We are given the improper integral: \( \int_{0}^{\infty} \left[\frac{e^{-at} - e^{-bt}}{t}\right] dt \) with \(0 < a < b\). Our goal is to show that this integral equals \(\ln\left(\frac{b}{a}\right)\). #a) Evaluate the integral#

We'll use integration by parts, selecting \(u=\frac{e^{-at} - e^{-bt}}{t}\) and \(dv = dt\).
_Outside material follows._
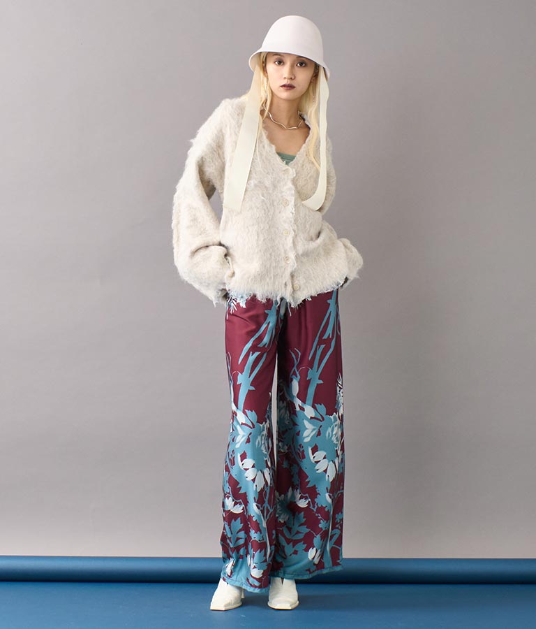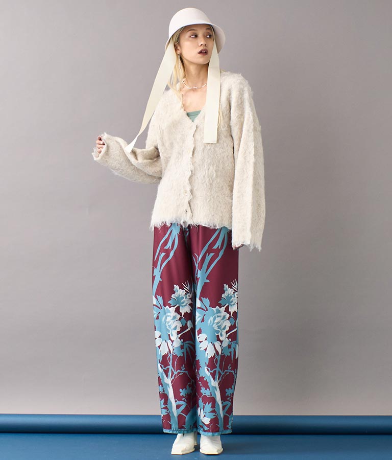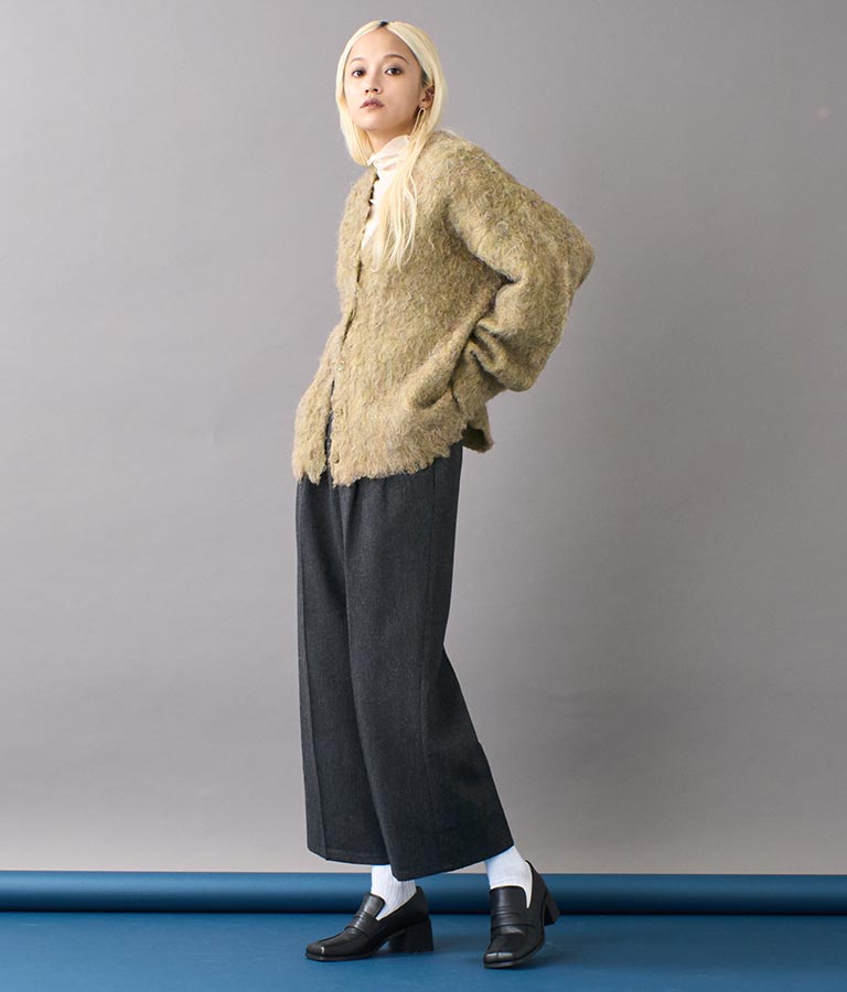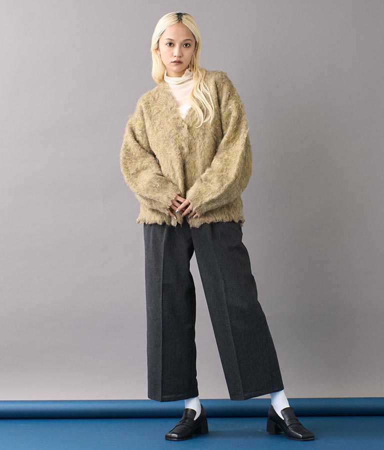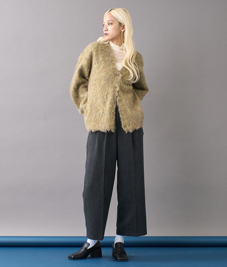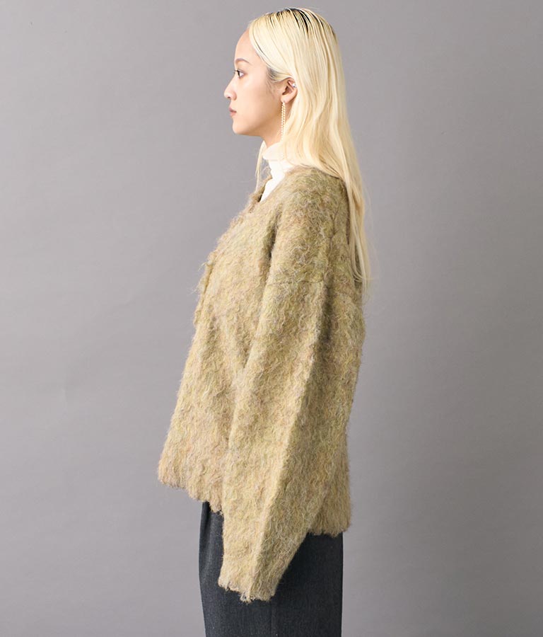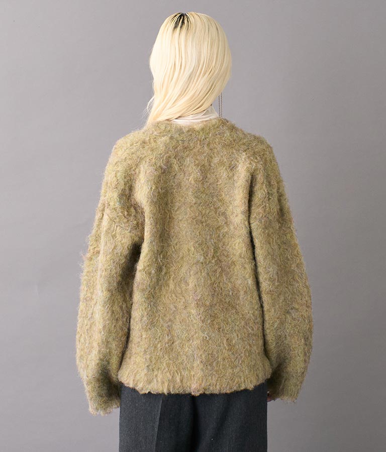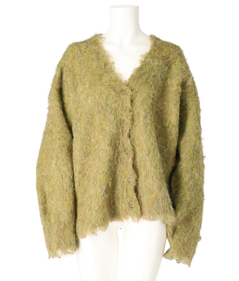 ふんわりと柔らかい手触りのブークレシャギーVネックカーディガン。

Then, du is the derivative of u with respect to t and v is the integral of dv (with respect to t): \( du = \frac{abe^{-at} - bte^{-at} - bae^{-bt} + bt e^{-bt}}{t^{2}} dt \) \( v = \int_{} dt = t \) Now, we can apply integration by parts formula: \(\int u \, dv = uv - \int v \, du\)
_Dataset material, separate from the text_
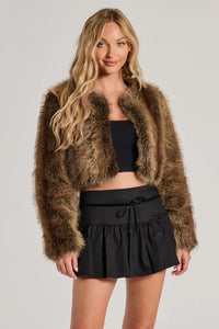 Add that chic factor to your everyday look with this adorable mini skort featuring a high-rise fit, a thin velvet bow trim accent, a drop waist design, and a short ruffled overlay with fitted shorts for coverage. Dress it up with a faux fur jacket and ankle booties!
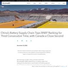 1. China continues to dominate BloombergNEF’s global lithium-ion battery supply chain ranking for the third time in a row, due to its support for electric vehicle demand and investments in raw materials.

Computing the product of u and v, we get: \( uv = \frac{e^{-at} - e^{-bt}}{t}t = e^{-at} - e^{-bt} \)

Moving to the right side of integration by parts formula, the integral becomes: \( \int_{} \frac{abe^{-at} - bte^{-at} - bae^{-bt} + bt e^{-bt}}{t^{2}}t\, dt \) \( = \int e^{-at} (a - b) + e^{-bt} (b - a) dt = \int (b - a) (e^{-bt} - e^{-at}) dt \) Now, integrating with respect to t: \( \int (b - a) (e^{-bt} - e^{-at}) dt = -\frac{e^{-at}}{a} + \frac{e^{-bt}}{b} \) We need to compute the limit of this expression as t goes to infinity.

To compute the limit of the expression as t goes to infinity: \( \lim_{t\to\infty} \left(-\frac{e^{-at}}{a} + \frac{e^{-bt}}{b}\right) = 0 \) We also need to compute the limit of the expression as t goes to 0: \( \lim_{t\to0} \left(-\frac{e^{-at}}{a} + \frac{e^{-bt}}{b}\right) = -\frac{1}{a} + \frac{1}{b} \) Notice that the (a-b) factor cancels when the limits are taken.

Finally, combining the results, we find that: \( uv - \int v \, du = -(1 - e^{-at} - e^{-bt}) - \left(-\frac{1}{a} + \frac{1}{b}\right) \) Plug in the \(t=0\) and \(t=\infty\) limits, \( \left[-\frac{1}{a}+\frac{1}{b}\right] - 0 = \ln{b} - \ln{a} = \ln\left(\frac{b}{a}\right) \) Which completes part (a). #b) Integral to evaluate#

We are given the improper integral: \( \int_{0}^{\infty} \left[\frac{e^{-at}\sin{xt}}{t}\right] dt \) with \(a > 0\). Our goal is to show that this integral equals \(\tan^{-1}\left(\frac{x}{a}\right)\). #b) Evaluate the integral#

Note that the Laplace transform of \(f(t) = \sin{xt}\) is \(F(s) = \frac{x}{s^{2} + x^{2}}\). We rewrite the integral as: \( \int_{0}^{\infty} e^{-at} \frac{x \sin{xt}}{t} dt = x\int_{0}^{\infty} e^{-at} \frac{\sin{xt}}{t} dt \) Now, we can apply the Laplace Transform's properties: \( \mathcal{L}\{x f(t)\} = -\frac{dF(s)}{ds} \) So we need to find the derivative of F(s) with respect to s.

To find the derivative of F(s) with respect to s, we compute: \( -\frac{d}{ds}\left(\frac{x}{s^{2}+x^{2}}\right) = \frac{2sx}{(s^{2}+x^{2})^{2}} \)

Now, we can apply the inverse Laplace Transform to find the inverse of this expression: \( x \int_{0}^{\infty} e^{-at} \frac{\sin{xt}}{t} dt = \mathcal{L}^{-1} \left\{ \frac{2sx}{(s^{2}+x^{2})^{2}} \right\} \) Since the Laplace Transform is linear, we have: \( x \int_{0}^{\infty} e^{-at} \frac{\sin{xt}}{t} dt = \int_{0}^{\infty} e^{-at} \frac{2x^{2}a\cos(axt) - 2ax^{3}\sin(axt)}{(a^{2}+x^{2})^{2}} dt \) After evaluating the integral, we have: \( x \int_{0}^{\infty} e^{-at} \frac{\sin{xt}}{t} dt = \frac{\pi a}{2(a^{2}+x^{2})} \) Dividing both sides by x, we get the required result: \( \int_{0}^{\infty} \left[\frac{e^{-at}\sin{xt}}{t}\right] dt = \tan^{-1}\left(\frac{x}{a}\right) \) Which completes part (b).